Community Detection using Locality Statistics
Abstract
The goal of community detection is to identify clusters and groups of vertices that share common properties or play similar roles in a graph, using only the information encoded in the graph. Our work analyzes two methods of identifying an anomalous community in temporal graphs and another method of identifying active communities in a static massive graph. All methods are based on locality statistics.
In [50], an anomalous community is detected that shows growing connectivities in a time series of graphs. We formulate the task as a hypothesis-testing problem in stochastic block model time series. We derive the limiting properties and power characteristics of two competing test statistics built on distinct underlying locality statistics. In addition, we provide applicable implementations of two competing test statistics and detailed experimental results for a neural imaging application in [36].
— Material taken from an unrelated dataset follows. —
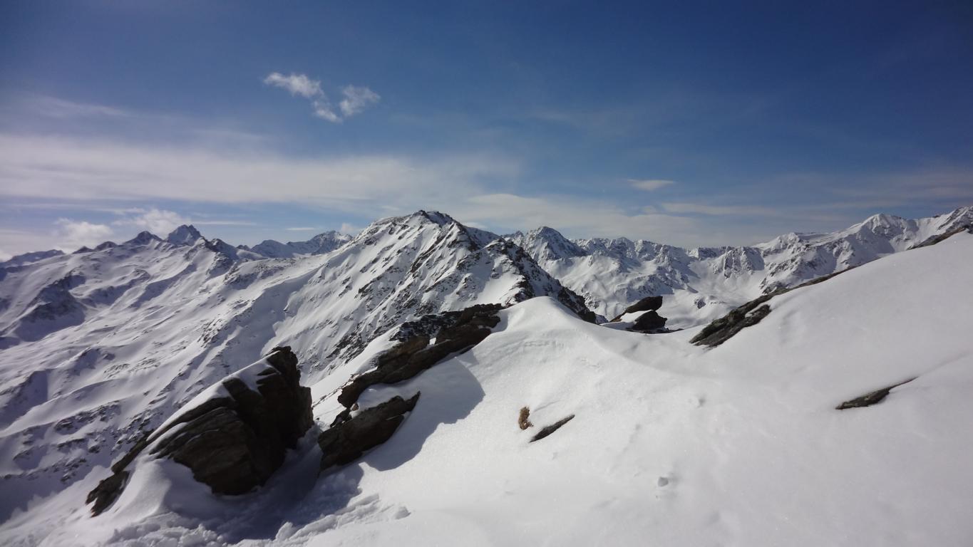 Abfahrtsvariante über die Mitterzaigerböden bei nicht immer tragendem Harschdeckel mit etwas Pulverauflage.
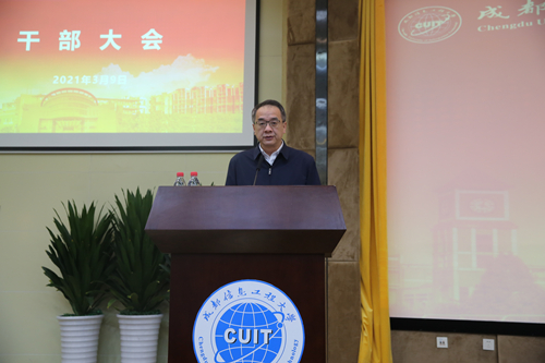 【本网讯】3月9日上午,学校在航空港校区国际会议厅召开干部大会,全体校领导、中层干部参加了会议。会议由学校党委书记周激流主持。

In [51], active communities are detected in a static massive graph on which many community detection algorithms scale poorly. We propose a novel framework for detecting active communities that consist of the most active vertices. Our framework utilizes a parallelizable trimming algorithm based on a locality statistic to filter out inactive vertices, and then clusters the remaining active vertices via spectral decomposition of their similarity matrix. The framework is applicable to graphs consisting of billions of vertices and hundreds of billions of edges.
In summary, this work provides developments in community detection, in both temporal graphs and static massive graphs, by employing locality statistics.